- _Aim of the task_
Produce a faithful copy of the data, one that leaves out the pictures.

─── Data ───

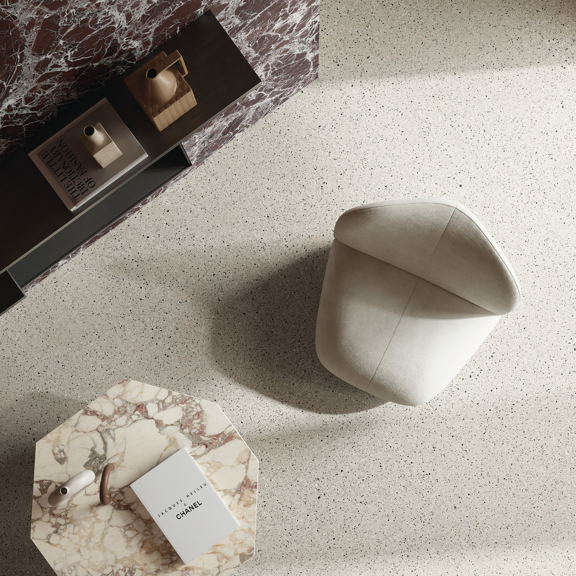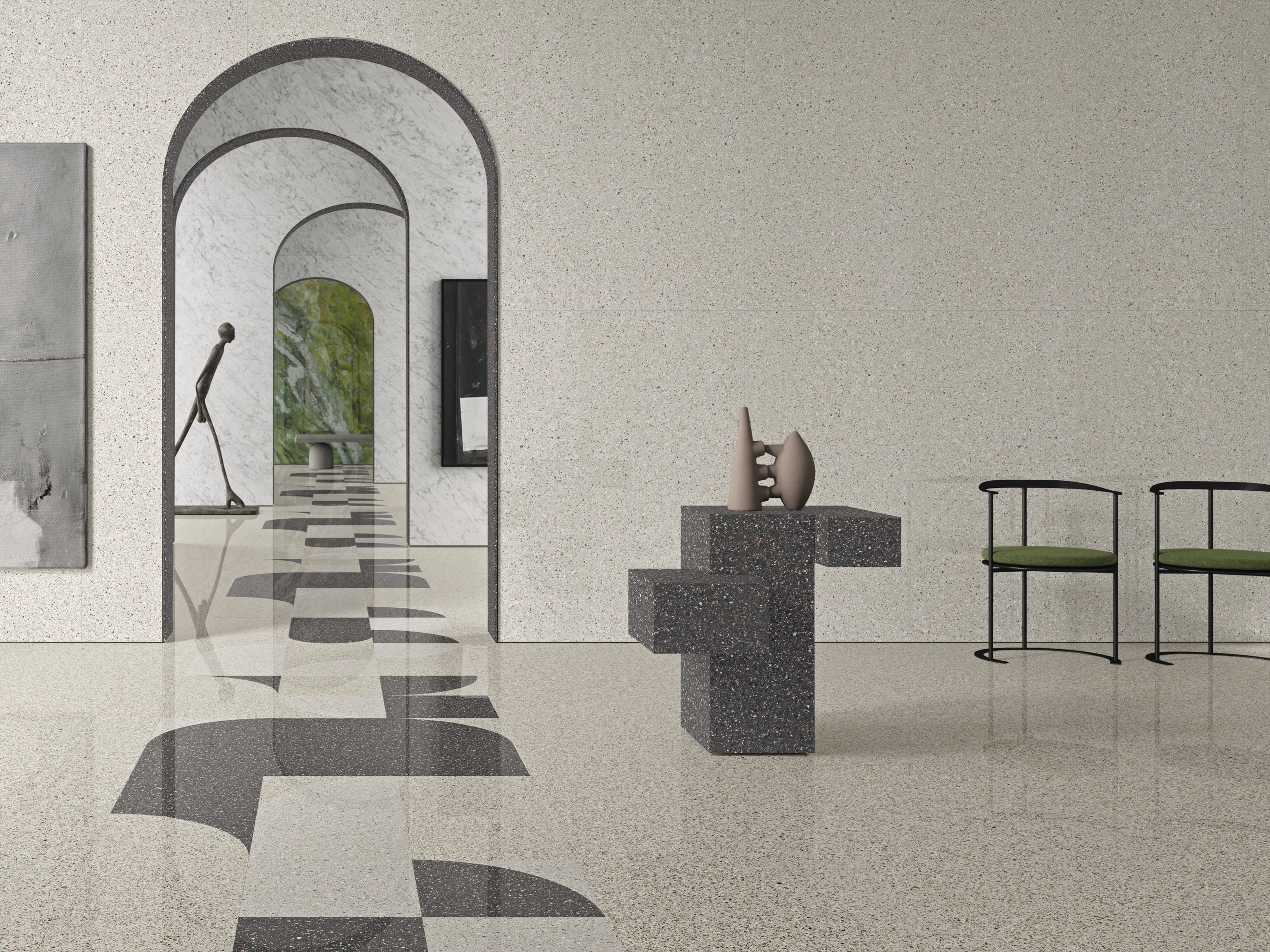 Accademia nasce da una rilettura contemporanea dei pavimenti alla veneziana, dove il valore della memoria si traduce in una superficie compatta e profonda grazie alla tecnologia Fullbody³. La materia attraversa l’intero spessore della lastra, rendendo visibile l’autenticità del gesto progettuale anche nei tagli, nei bordi e nei dettagli costruttivi.
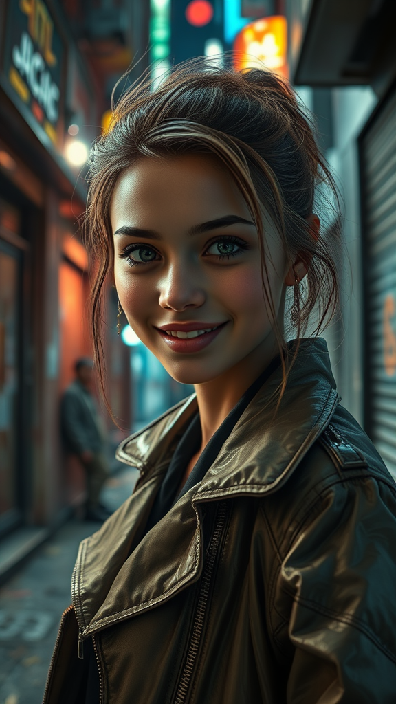 Pastel lighting, enigmatic smile, bright and captivating eyes, stunning young cyborg girl in Deus Ex Mankind Divided style, chic blown jacket reminiscent of fashion magazine allure, set against a vibrant night city backdrop, nestled within a slum alley, naturally glossy, impeccably natural hair, shot with a 150mm lens at ISO 100. Despite the urban grit, the scene enhances her distinct beauty. The focus emphasizes the intricate details, avoiding digital anomalies like jpeg artifacts. With artistry and precision, the image steers clear of poorly drawn elements, ensuring flawless anatomy without extra or missing limbs, maintaining a clean and authentic presentation.
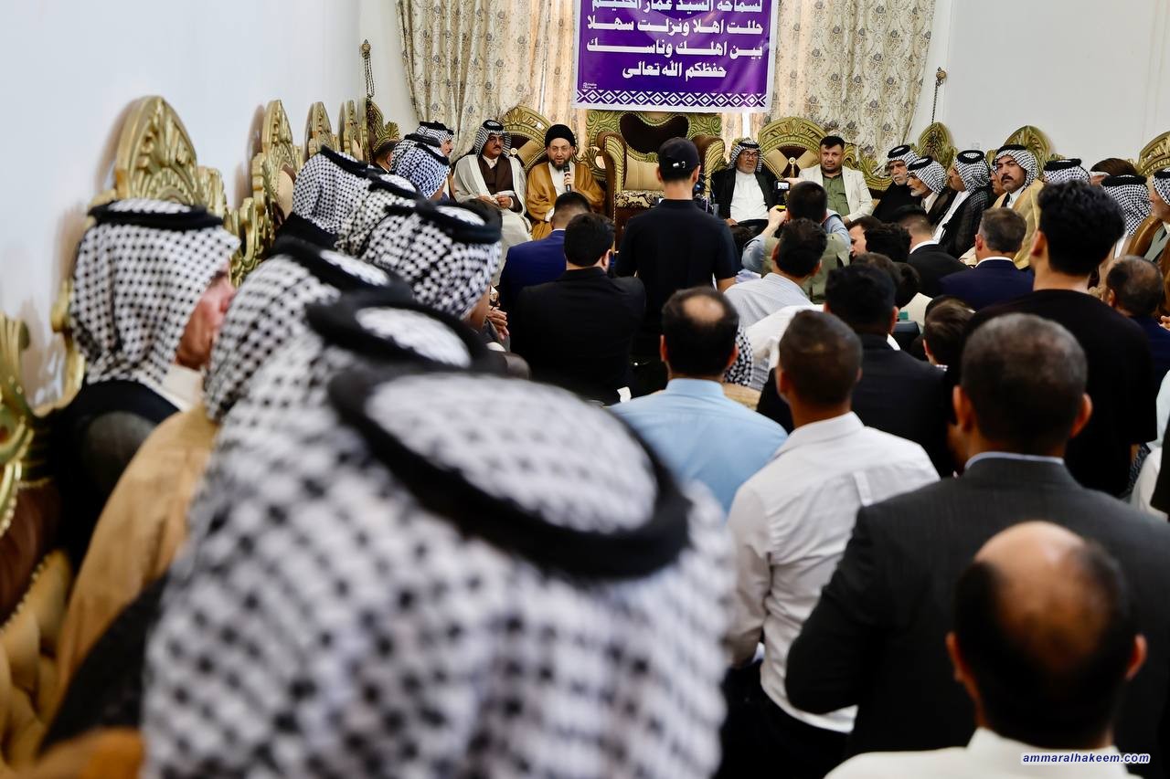 التقى السيد عمار الحكيم رئيس تيار الحكمة الوطني في مضيف السادة الطباطبائيين مضيف جناب السيد حيدر أحمد الطباطبائي جمعا من شيوخ ووجهاء المثنى حيث شدد على أهمية إنصاف المحافظات الأشد فقرا خاصة التي لا تمتلك صندوقا للإعمار وأهمية التعامل معها باستثنائية عند إقرار الموازنات ، مبينا أهمية معالجة الشحة المائية في المثنى وباقي القضايا الخدمية للنواحي والقرى، والاهتمام بالبنى التحتية والمداخل، سماحته اعرب عن ثقته بالحكومة المحلية في إنجاز المشاريع التنموية والخدمية، كما دعا لإشاعة الإيجابية والتفاؤل.
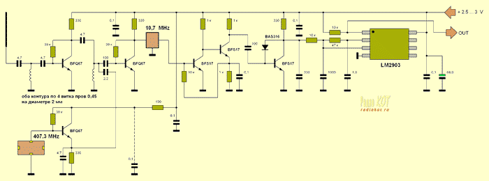 Nadajnik - układ bez cech szczególnych. Jest również zoptymalizowany dla wartości zasilania 2,5-3V.

───

- _Answer space_
 Accademia nasce da una rilettura contemporanea dei pavimenti alla veneziana, dove il valore della memoria si traduce in una superficie compatta e profonda grazie alla tecnologia Fullbody³. La materia attraversa l’intero spessore della lastra, rendendo visibile l’autenticità del gesto progettuale anche nei tagli, nei bordi e nei dettagli costruttivi.
 Pastel lighting, enigmatic smile, bright and captivating eyes, stunning young cyborg girl in Deus Ex Mankind Divided style, chic blown jacket reminiscent of fashion magazine allure, set against a vibrant night city backdrop, nestled within a slum alley, naturally glossy, impeccably natural hair, shot with a 150mm lens at ISO 100. Despite the urban grit, the scene enhances her distinct beauty. The focus emphasizes the intricate details, avoiding digital anomalies like jpeg artifacts. With artistry and precision, the image steers clear of poorly drawn elements, ensuring flawless anatomy without extra or missing limbs, maintaining a clean and authentic presentation.
 التقى السيد عمار الحكيم رئيس تيار الحكمة الوطني في مضيف السادة الطباطبائيين مضيف جناب السيد حيدر أحمد الطباطبائي جمعا من شيوخ ووجهاء المثنى حيث شدد على أهمية إنصاف المحافظات الأشد فقرا خاصة التي لا تمتلك صندوقا للإعمار وأهمية التعامل معها باستثنائية عند إقرار الموازنات ، مبينا أهمية معالجة الشحة المائية في المثنى وباقي القضايا الخدمية للنواحي والقرى، والاهتمام بالبنى التحتية والمداخل، سماحته اعرب عن ثقته بالحكومة المحلية في إنجاز المشاريع التنموية والخدمية، كما دعا لإشاعة الإيجابية والتفاؤل.
 Nadajnik - układ bez cech szczególnych. Jest również zoptymalizowany dla wartości zasilania 2,5-3V.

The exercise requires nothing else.